Activity:
Pictures stay out; everything else in the records below is to be repeated exactly.

Entries supplied:
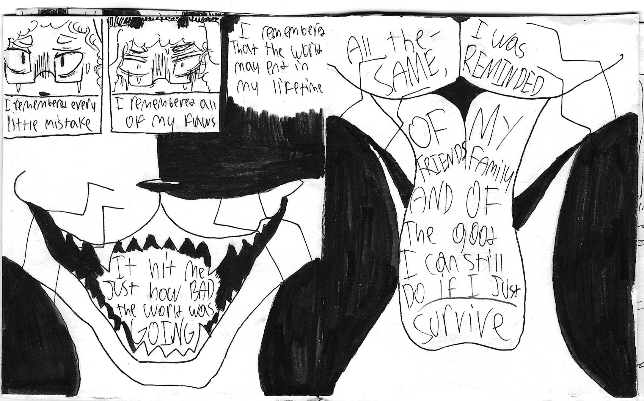 This was my first 8-fold mini zine, written in July 2024. I wrote it when I was in a dark emotional place and that reflects in the work, but it has an ending that I think is happy. I hope you like it.
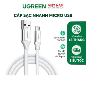 Cáp sạc nhanh Micro USB Ugreen US289 hoạt động tốt với hầu hết các thiết bị có cổng Micro USB, như điện thoại, máy tính bảng, pin dự phòng, loa Bluetooth, camera,,…
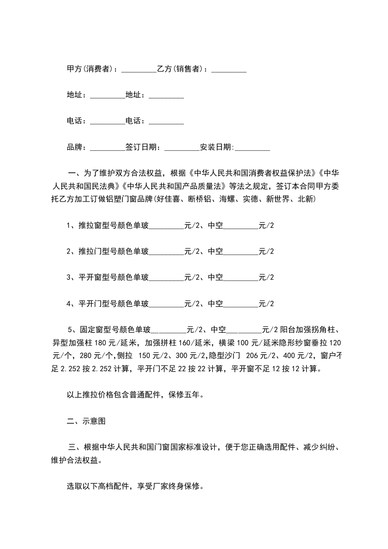 一、为了维护双方合法权益,根据《中华人民共和国消费者权益保护法》《中华人民共和国民法典》《中华人民共和国产品质量法》等法之规定,签订本合同甲方委托乙方加工订做铝塑门窗品牌(好佳喜、断桥铝、海螺、实德、新世界、北新)
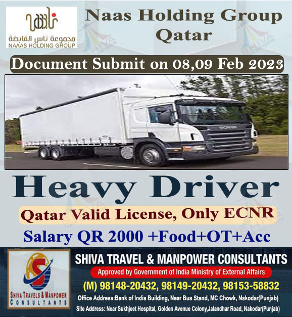 QATAR ਦੀ Nass Holding Company ਨੂੰ ਕਾਰੀਗਰਾਂ ਦੀ ਭਾਰੀ ਸੰਖਿਆਂ ਵਿੱਚ ਲੋੜ ਹੈ ਚੰਗੀ ਤਨਖਾਹ, ਉਵਰ ਟਾਇਮ ਅਤੇ ਹੋਰ ਸਹੂਲਤਾਂ l Document Submit On 08,09 Feb 2023 ਸੰਪਰਕ ਕਰੋ . Shiva Travel & manpowar Consultants 9814920432 ਸਾਡਾ whatsapp ਗਰੁੱਪ join ਕਰੋ ਨਵੀ ਡਿਮਾਂਡ ਲਈ https://chat.whatsapp.com/F88Q4Bpm089KHXCVk6LENt Visit us: https://shivatradetestcentre.com/applynow/ ਹੋਰ ਡੀਮਾਂਡ ਲਈ ਜਾਂ…
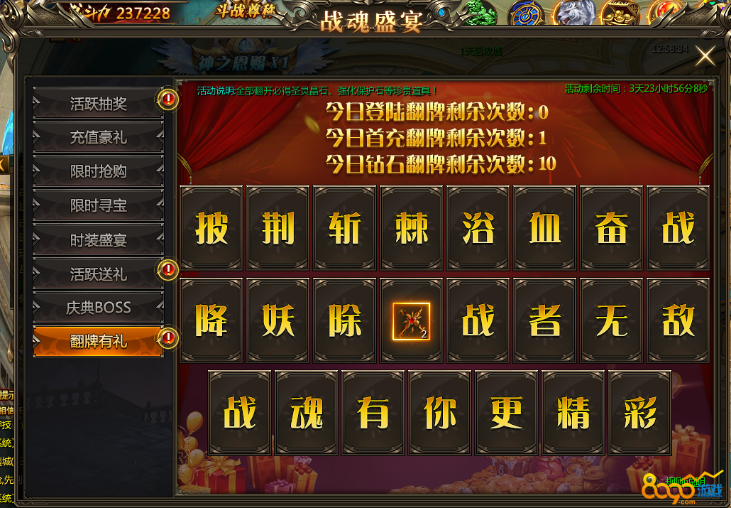 2. 翻牌有礼(登录,充值,消耗钻石都可以获得翻牌子次数,翻开牌子获得道具)活动规则:玩家在活动期间每日登录游戏,每日首次充值均可获得翻牌子次数,另外还可以花费钻石直接翻牌子

Task answer:
 This was my first 8-fold mini zine, written in July 2024. I wrote it when I was in a dark emotional place and that reflects in the work, but it has an ending that I think is happy. I hope you like it.
 Cáp sạc nhanh Micro USB Ugreen US289 hoạt động tốt với hầu hết các thiết bị có cổng Micro USB, như điện thoại, máy tính bảng, pin dự phòng, loa Bluetooth, camera,,…
 一、为了维护双方合法权益,根据《中华人民共和国消费者权益保护法》《中华人民共和国民法典》《中华人民共和国产品质量法》等法之规定,签订本合同甲方委托乙方加工订做铝塑门窗品牌(好佳喜、断桥铝、海螺、实德、新世界、北新)
 QATAR ਦੀ Nass Holding Company ਨੂੰ ਕਾਰੀਗਰਾਂ ਦੀ ਭਾਰੀ ਸੰਖਿਆਂ ਵਿੱਚ ਲੋੜ ਹੈ ਚੰਗੀ ਤਨਖਾਹ, ਉਵਰ ਟਾਇਮ ਅਤੇ ਹੋਰ ਸਹੂਲਤਾਂ l Document Submit On 08,09 Feb 2023 ਸੰਪਰਕ ਕਰੋ . Shiva Travel & manpowar Consultants 9814920432 ਸਾਡਾ whatsapp ਗਰੁੱਪ join ਕਰੋ ਨਵੀ ਡਿਮਾਂਡ ਲਈ https://chat.whatsapp.com/F88Q4Bpm089KHXCVk6LENt Visit us: https://shivatradetestcentre.com/applynow/ ਹੋਰ ਡੀਮਾਂਡ ਲਈ ਜਾਂ…
 2. 翻牌有礼(登录,充值,消耗钻石都可以获得翻牌子次数,翻开牌子获得道具)活动规则:玩家在活动期间每日登录游戏,每日首次充值均可获得翻牌子次数,另外还可以花费钻石直接翻牌子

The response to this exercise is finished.